The Briefing 06-20-14

The Briefing 06-20-14

The Briefing

 

June 20, 2014

This is a rush transcript. This copy may not be in its final form and may be updated.

 

It’s Friday, June 20, 2014. I’m Albert Mohler and this is The Briefing, a daily analysis of news and events from a Christian worldview.

 

1) PC(USA) affirms same-sex marriage, repudiating Scripture as membership declines

The big news in the Christian world took place yesterday in the city of Detroit where the Presbyterian Church USA decided to allow gay weddings within the church. As Lauren Markoe of Religion News Service reports, it makes it among the largest Christian denominations in the United States to take an embracing step toward same-sex marriage. The vote was decidedly lopsided: 76% to 24%. One of the reasons for that is of incredible interest. The main reason is that so many conservatives left. Over the last several years, there’s been a virtual exodus from the PCUSA, a denomination that was formed by the merger of southern and northern Presbyterian denominations in the 1980s, with the headquarters relocated to Louisville, Kentucky. But the denomination has been hemorrhaging members for the better part of the last three decades and that exodus of members has continued for the third straight year. It’s not only members, but congregations. The number of dismissed congregations increased in the past year, having been twenty-one in 2011, 110 in  2012, and 148 in 2013. In other words, approximately 300 churches have left the PCUSA just in the last three years. According to data compiled by the PCUSA’s Office of the General Assembly, by the end of 2013, membership was about 1.76 million—that’s compared to 1.84 million by the end of 2012. As the Presbyterian Church USA General Assembly met in Detroit, just about everyone knew that the issue would be central to the denomination’s agenda, and as the question loomed, some of the convention, according to Niraj Warikoo of the Detroit Free Press, were very concerned that it would affect the perception of Presbyterian missionaries in more conservative parts of the world where the church works, such as in the Middle East. According to this report, there are 315 Presbyterian churches in Egypt alone. Conservative Presbyterians said they were concerned that approving same-sex marriages would further accelerate decline in the Presbyterian Church. Once again, it has seen a 37% decrease in membership since 1992, and that’s a drop of more than one million members. Going back to 1992, it had 2.78 million members. Now just 1.76 million, but the denomination forecasts further mentorship losses in this year.

 

Lauren Markoe’s report for Religion News Service described the debate as both emotional and polite.
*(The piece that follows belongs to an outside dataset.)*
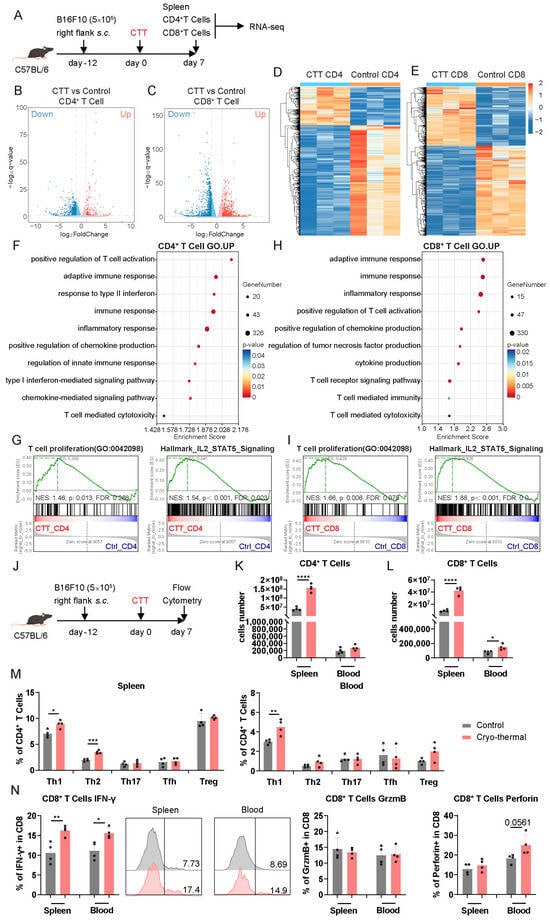CD4+ and CD8+ T cells were activated and proliferated at an early stage after CTT. (A) Scheme of the experiment design. The splenic CD4+ and CD8+ T cells were isolated on day 7 after CTT by MACS for RNA-seq. (B,C) Volcano plot showing DEGs in (B) CD4+ and (C) CD8+ T cells from the control or CTT group. (D,E) Heatmap of differentially expressed genes in (D) CD4+ and (E) CD8+ T cells from the control or CTT group. (F) Scatter plot of the GO-enriched gene sets according to GSEA in CD4+ T cells. (G) Gene enrichment of T cell proliferation and IL2–STAT5 signaling pathways according to GSEA in CD4+ T cells. (H) Scatter plot of the GO-enriched gene sets according to GSEA in CD8+ T cells. (I) Gene enrichment of T cell proliferation and IL2–STAT5 signaling pathways according to GSEA in CD8+ T cells. (J) Scheme of the experiment design. The phenotype of CD4+ and CD8+ T cells was detected by flow cytometry on day 7 after CTT. (K,L) Absolute number of (K) CD4+ and (L) CD8+ T cells in the spleen and blood. (M) Subsets of CD4+ T cells in the spleen and blood. (N) IFN-γ, granzyme B, and perforin expression in CD8+ T cells in the spleen and blood. All of the data are presented as the means ± SD. n = 4 for flow cytometry and n = 3 for RNA-seq. * p < 0.05, ** p < 0.01, *** p < 0.001, **** p < 0.0001. Data for graphs were calculated by Student’s t-test.

She said it was a “debate in which opponents of the motion said it conflicted with Scripture and would cause Presbyterian churches abroad to break relations with the PCUSA.” The new rule is very clear. Presbyterian ministers in states where same-sex marriage is legal—the count on that is now nineteen states—are now authorized to offer same-sex weddings. But no minister in the denomination is by this change compelled to participate in a same-sex wedding, but, as most observers have already indicated, the pastors who are least likely to perform same-sex marriages are the ones who are most likely already to have left the denomination.

 

According to media reports, the debate at the PCUSA General Assembly was not only emotional and polite; it also followed the same kind of logic and rhetoric that we’ve heard in so many debates like this before. For instance, Nathan Sobers, identified as a ruling elder with the Presbyterian Church in Seattle—he’s also identified as being married to a man he’s been with for 27 years—said, “The gospel is about fairness. Jesus, moreover, never said a word about loving same-sex couples. His message was about love, about celebrating God’s love for everybody, and not just for those who are like me, but for everybody.” That statement has everything going for it except the clear text of the New Testament. Nothing in the New Testament is more clear than when Jesus stated that God’s intention for marriage from the beginning is that it would be one man and one woman for a lifetime.

 

Responding to the decision, the conservative Presbyterian Lay Committee’s Board of Directors said:

 

In the name of 1.8 million Presbyterians nationwide, the General Assembly has committed an express repudiation of the Bible, the mutually agreed upon Confessions of the PCUSA, thousands of years of faithfulness to God’s clear commands and the denominational ordination vows of each concurring commissioner. This is an abomination.

 

That’s a very strong word, but it certainly is an appropriate word, and here you have the Presbyterian Lay Committee making very clear exactly what the PCUSA’s General Assembly has done. They have, to go back to this statement, repudiated the Scripture. They have repudiated the confessions of the church. They have turned their back on thousands of years of faithful Christian witness, and they have also violated the ordination vows of every commissioner that was there present at the General Assembly. Thus, they’re absolutely right: this is an abomination.

 

Perhaps more than anything else, this development helps to establish the clear divide now not only in American culture, but also in what is called American Christianity. That very clear divide puts on one side those who stand with 2,000 years of Christian witness and on the very clear statements of Scripture, and, on the other side, those who stand with the moral revolution of the era; stand with the culture and it’s now very increasingly absolute moral standards—moral standards that call for and demand the legalization of same-sex marriage and the celebration of same-sex behaviors and relationships.

 

Interestingly, on the very day before the PCUSA’s General Assembly took this decisive action, the Pew Research Center came out with a report entitled “Where Christian Churches and Other Religions Stand on Gay Marriage.” The interesting thing about the listing in this report from the Pew Research Center is the fact that still, on this date in 2014, the vast majority of Christians and Christian churches, not only around the world, but even in the United States, are still clearly and firmly opposed to same-sex marriage. The Pew Research Center divides the churches and religions into four different categories. On the left, those that sanction same-sex marriage. Included there is the movement known as Conservative Judaism, the Reformed Jewish Movement, the Society of Friends (otherwise known as Quakers), the Unitarian Universalist Association of Churches, the United Church of Christ, and the Evangelical Lutheran Church (that’s the ELCA, the more liberal mainline Lutheran denomination). The next category is denominations that sanction blessing at same-sex unions and there are only two Christian denominations listed: the Episcopal Church and, as of yesterday, the Presbyterian Church USA.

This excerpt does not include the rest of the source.